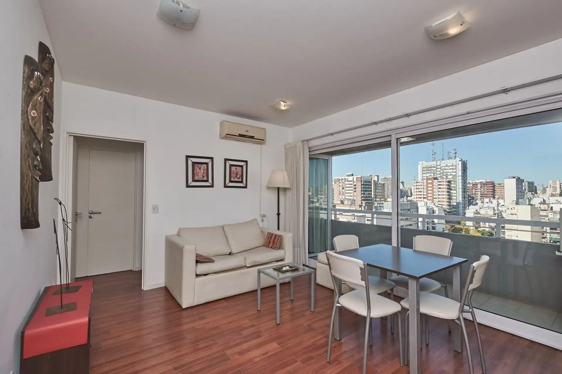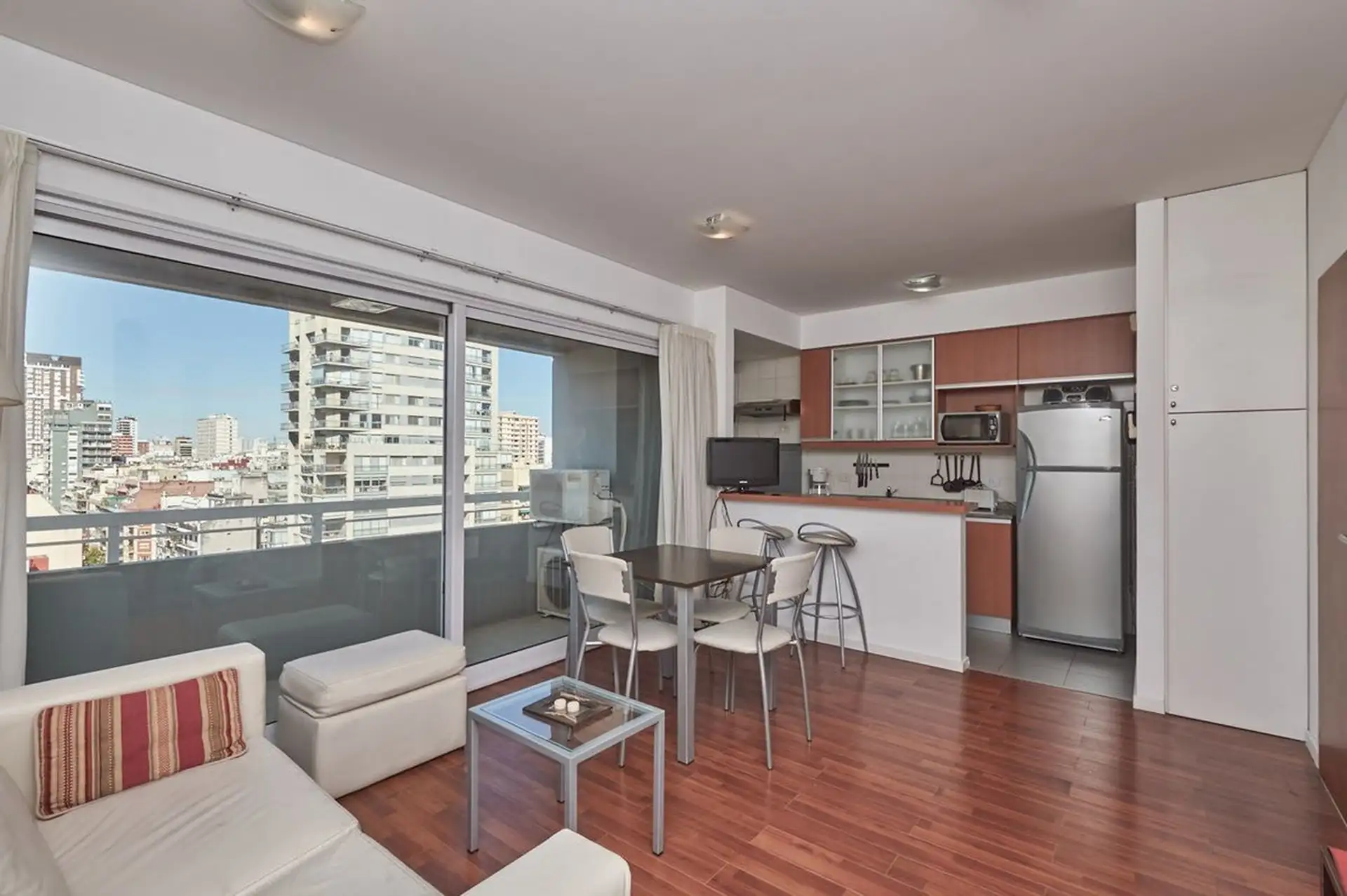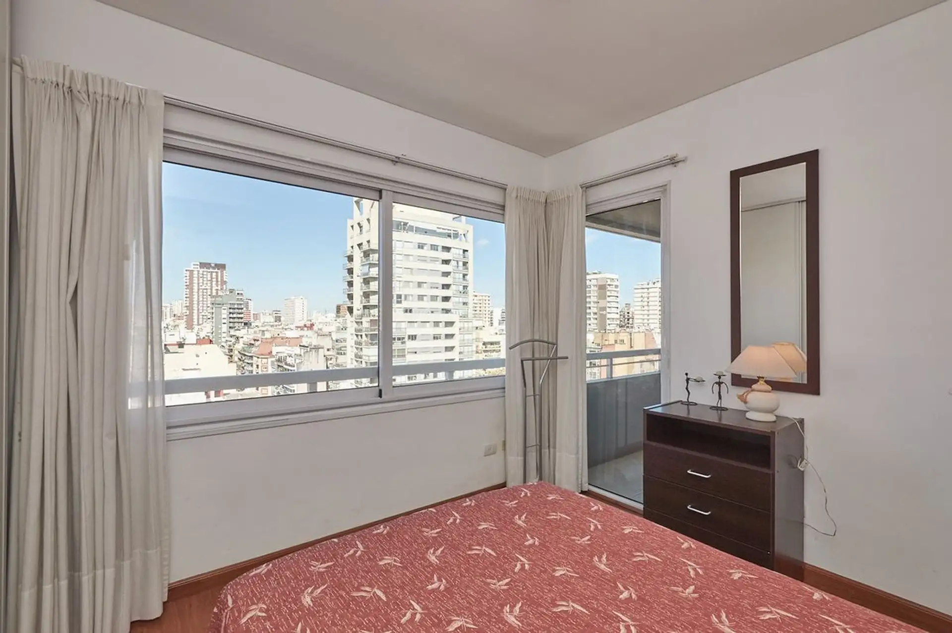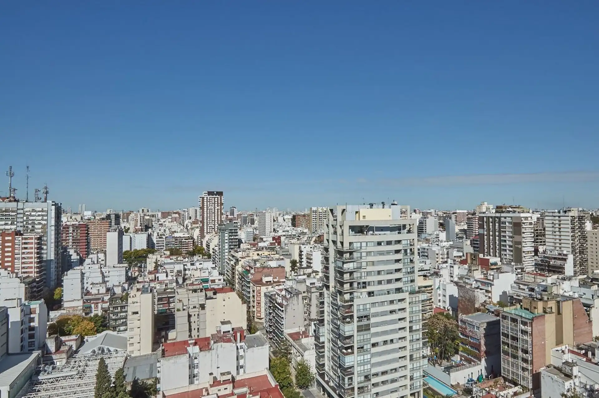 Apartamento de 2 ambientes em Belgrano, no andar alto, com vista panorâmica e sem mobília. Cozinha com área de lavanderia (gás natural), aquecimento por piso radiante com caldeira dual Ipeisa, living com 4,20 x 3,50 m e dormitório com 3 x 3 m. Conta com varanda de 1,05 x 4,25 m e 2 banheiros, com dimensões 2 x 1,7 m. O prédio tem 4 elevadores, gerador de energia e segurança 24 horas, além de piscina aquecida, jacuzzi, solarium, 2 spas com sauna, sala de relax e chuveiro, salão de usos múltiplos
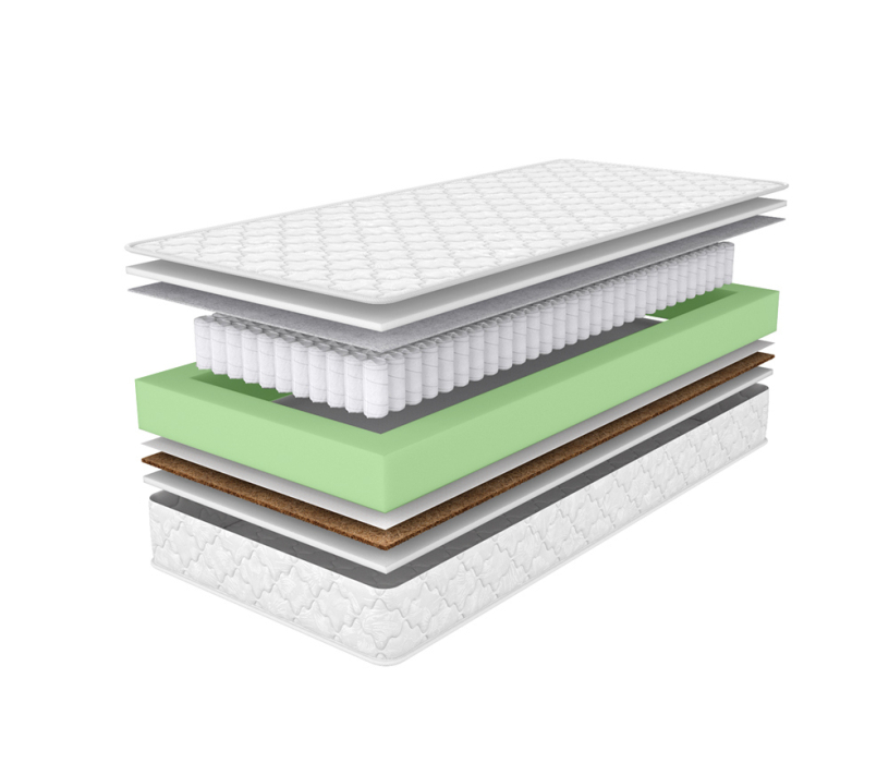 Двусторонний матрас с разными сторонами жесткости на основе независимого пружинного блока.
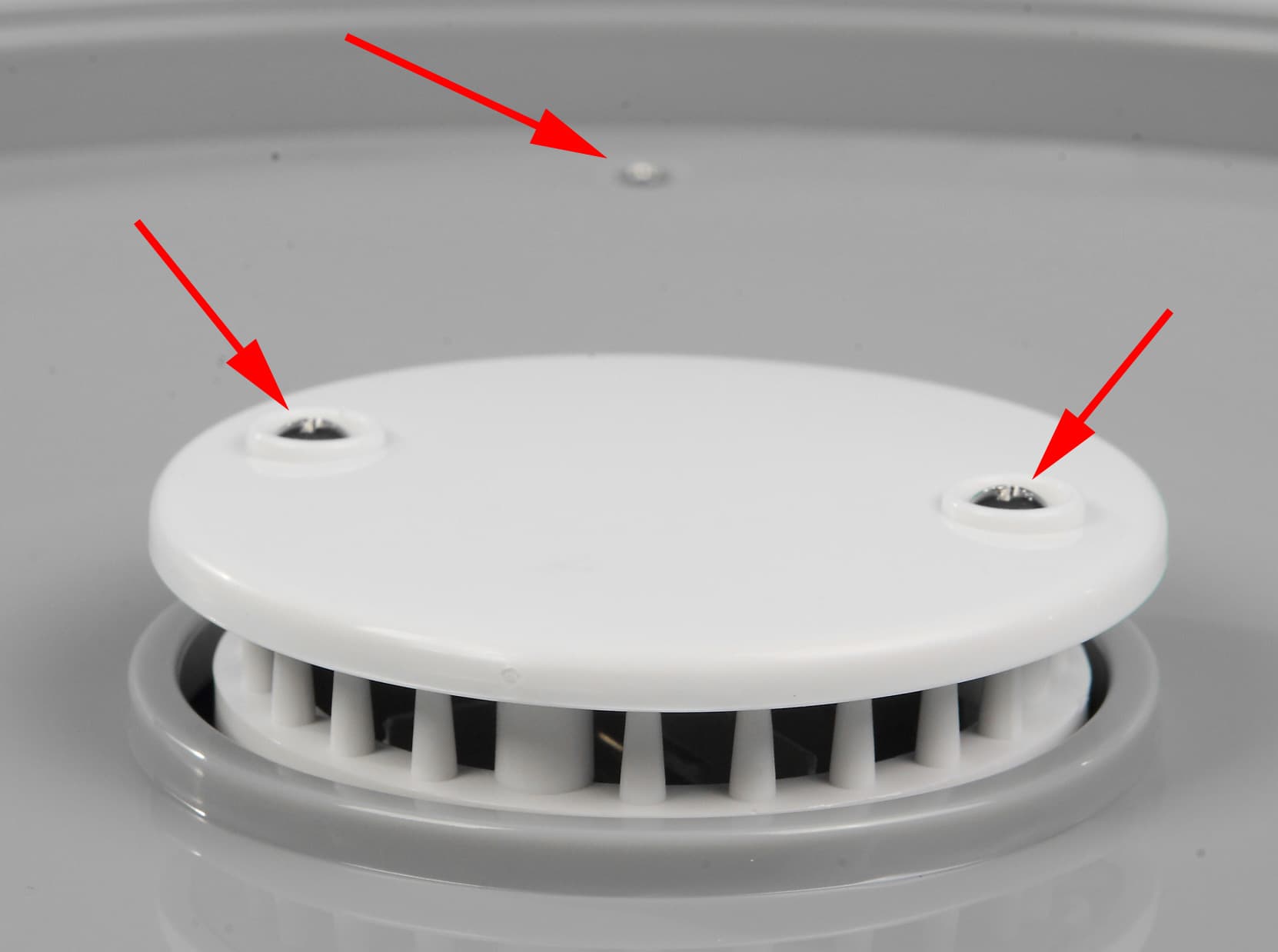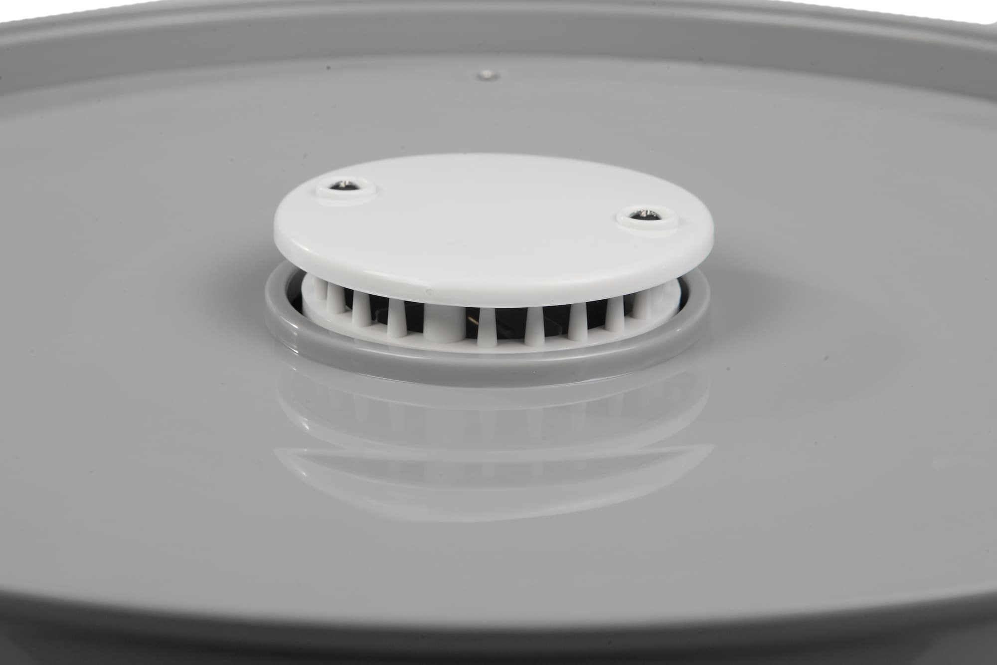Но есть один «хинт» из нашего личного опыта: когда мы сушили рыбу, капли маринада очень сильно запачкали основание, да еще и присохли. Оттирать такое «влажной тряпкой» — это, простите, проще (и быстрее) новую сушилку купить. Поэтому мы просто взяли и разобрали ее. Сделать это легко: сначала отвинтить крестовой отверткой два самореза на «грибке», снять его, а потом отвинтить еще 4 самореза по краям крышки и снять ее, подковырнув и потянув вверх.
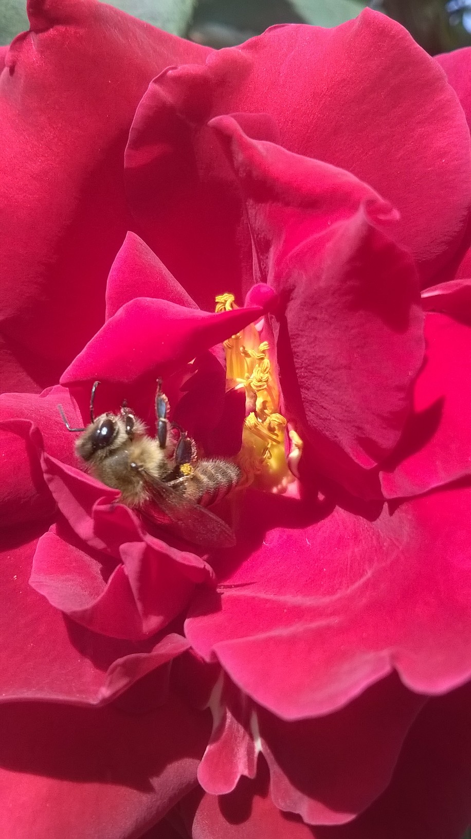 I don’t believe Mr. Bee is sunning; he must be drunk with nectar. After all, that is a red, red rose, not only captivating, but intoxicating. 😀 😀 😀
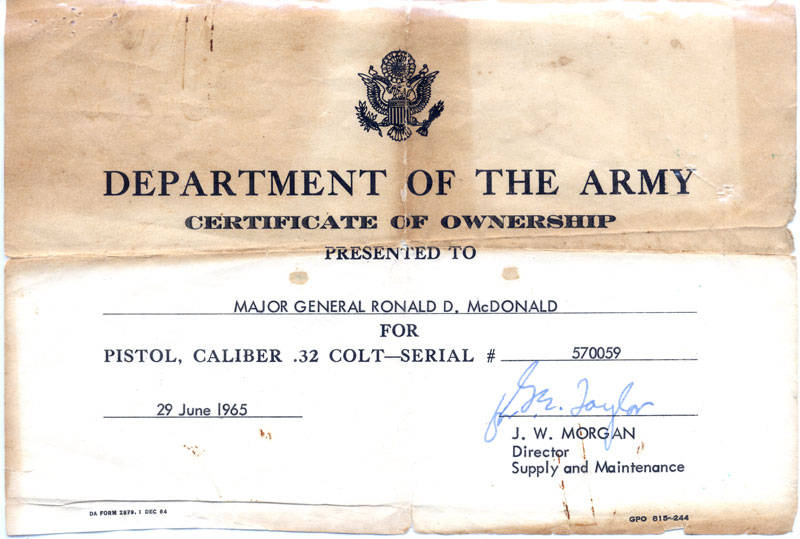 having been issued to Major General Ronald Dana McDonald.
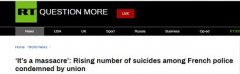 【环球网报道 实习记者 和怡然】法国媒体报道本周末法国发生两起疑似现役警察自杀的案件,警察工会对频繁发生的警察自杀事件对此表示非常愤怒,表示这是一场屠杀。 RT报道截图...
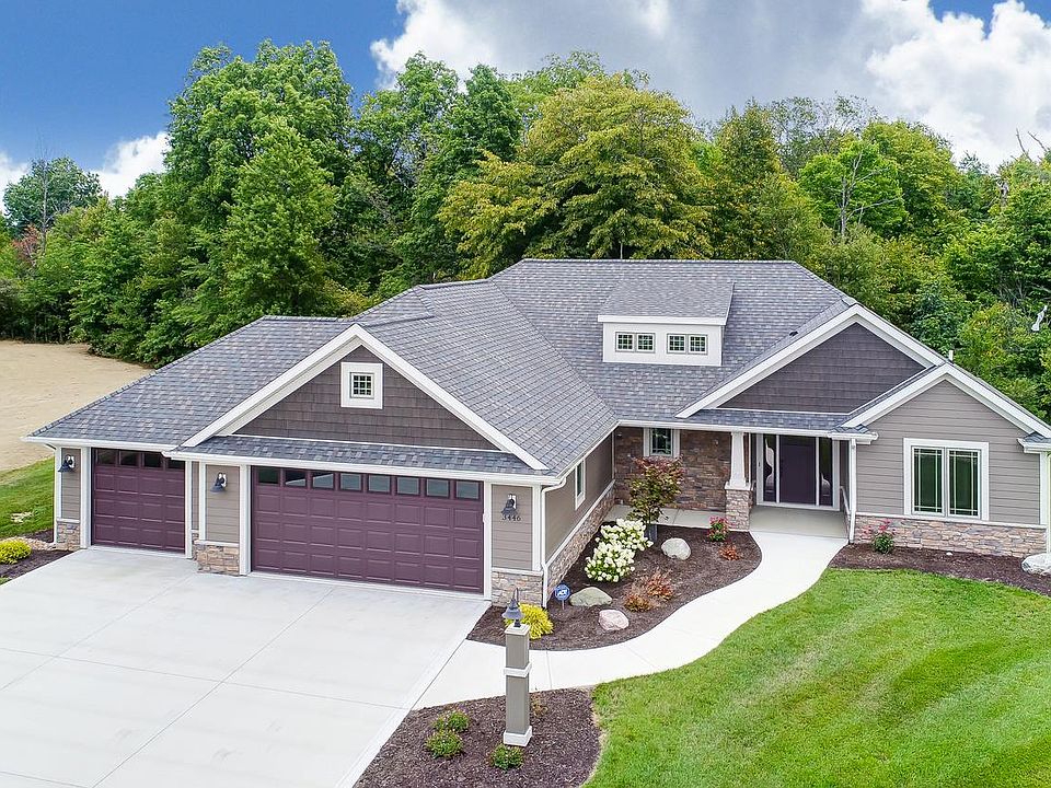 Absolutely stunning villa in Buckners Crossing. This Custom Quality built home has everything you are looking for starting with fantastic curb appeal! Features include 11 foot great room, beautiful kitchen with quartz counters, a large and bright sun room looking over the wooded lot, and plenty of space in the large 3 car garage. The home was built using spray foam and bat insulation on all exterior walls. It is wired for security and has surround sound. The yard is maintained by the association and has irrigation! No worries in the winter since your snow will be removed for you! The master bedroom is large with a spa like bathroom boasting a custom tile shower, large tub, and walk in closet. The hard wood floors are beautiful and the craftsmanship that went into building this home is outstanding. The cul-de-sac lot and tree line all provide privacy. Come and see this home and make it yours today!
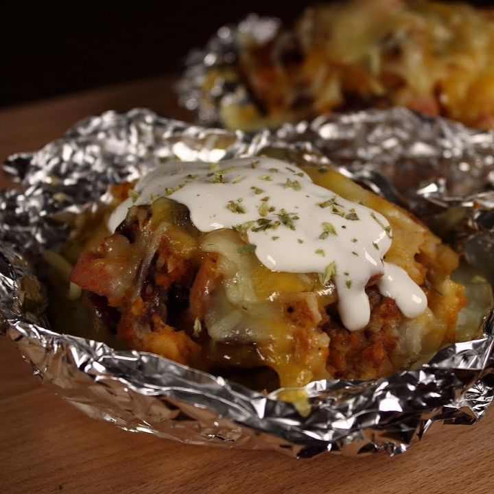 papa cocida en trozos con queso fundido, aderezo chipotle, y carne elegida, salsas aparte.
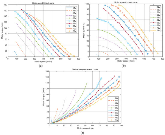 Motor characteristic data under different line voltages: (a) motor speed torque curve, (b) motor speed current curve, and (c) motor torque current curve.
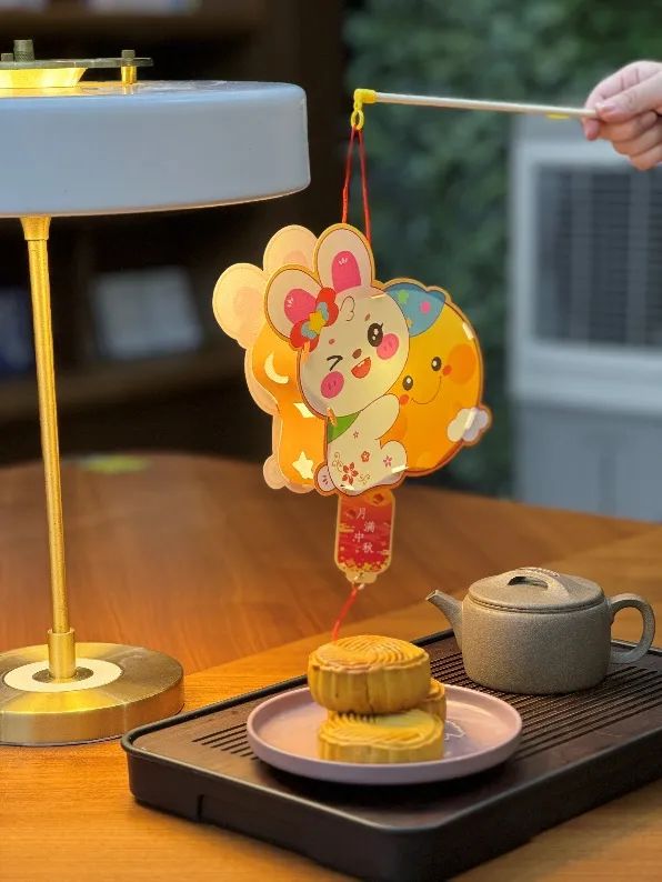 系上流苏绳,穿上灯带,扣入玉兔,大家认真制作着属于自己的花灯,一个个俏皮可爱的古风灯笼就制作成型了。制作玉兔花灯环节让组员们亲自动手体验了文化遗产的魅力,不仅展示了组员们的创造力,也体现了对传统文化的传承与尊重。灯笼制作完成后,所有参与人员在花灯的映照下合影留念,留下了这个温馨时刻的美好记忆。
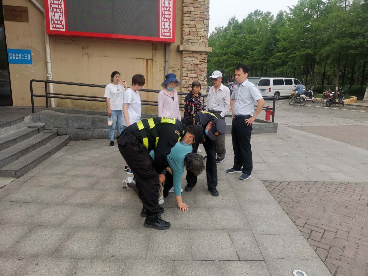 5月18號6:50,崇明長興島項目隊員張耀華在一街區(qū)華聯(lián)超市進行日常市容管理時,突然聽到一聲大喊,循聲過去看到一位老奶奶倒在地上。小張急忙趕過去,將躺在地上疼得發(fā)抖的老奶奶扶到椅子上休息,詳細詢問了老奶奶發(fā)生的情況和親屬的聯(lián)系方式。原來老奶奶上樓梯時不小心一腳踩空,從樓梯上摔了下來。見老奶奶休息一會無大礙后,與同事一起把老奶奶送到家里。
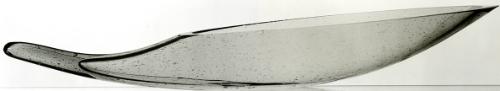 MediumLong, shallow, horn shape; chartreuse color glass.
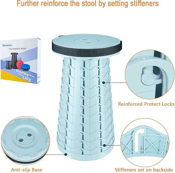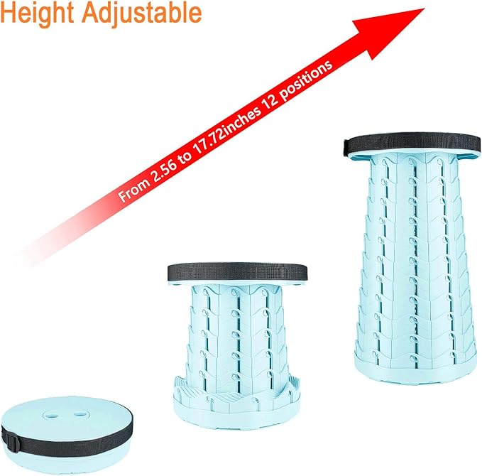 - PORTABLE & LIGHTWEIGHT: This telescopic stool is only 2.54 pounds with dimeter 9.84 inches/250mm. The adjustable strap makes the stool easy to carry in your hand or hanging on your shoulder. Perfect to use for camping, fishing, hiking, hunting, picnic, BBQ. Also can be used in living room, bedroom, bathroom etc

-.-.-

### TRY IT
What is needed is an exact copy of the lines from the line with "MediumLong, shallow, horn" to the end of the data above, both included, without any pictures.

### ANSWER SECTION
 MediumLong, shallow, horn shape; chartreuse color glass.
 - PORTABLE & LIGHTWEIGHT: This telescopic stool is only 2.54 pounds with dimeter 9.84 inches/250mm. The adjustable strap makes the stool easy to carry in your hand or hanging on your shoulder. Perfect to use for camping, fishing, hiking, hunting, picnic, BBQ. Also can be used in living room, bedroom, bathroom etc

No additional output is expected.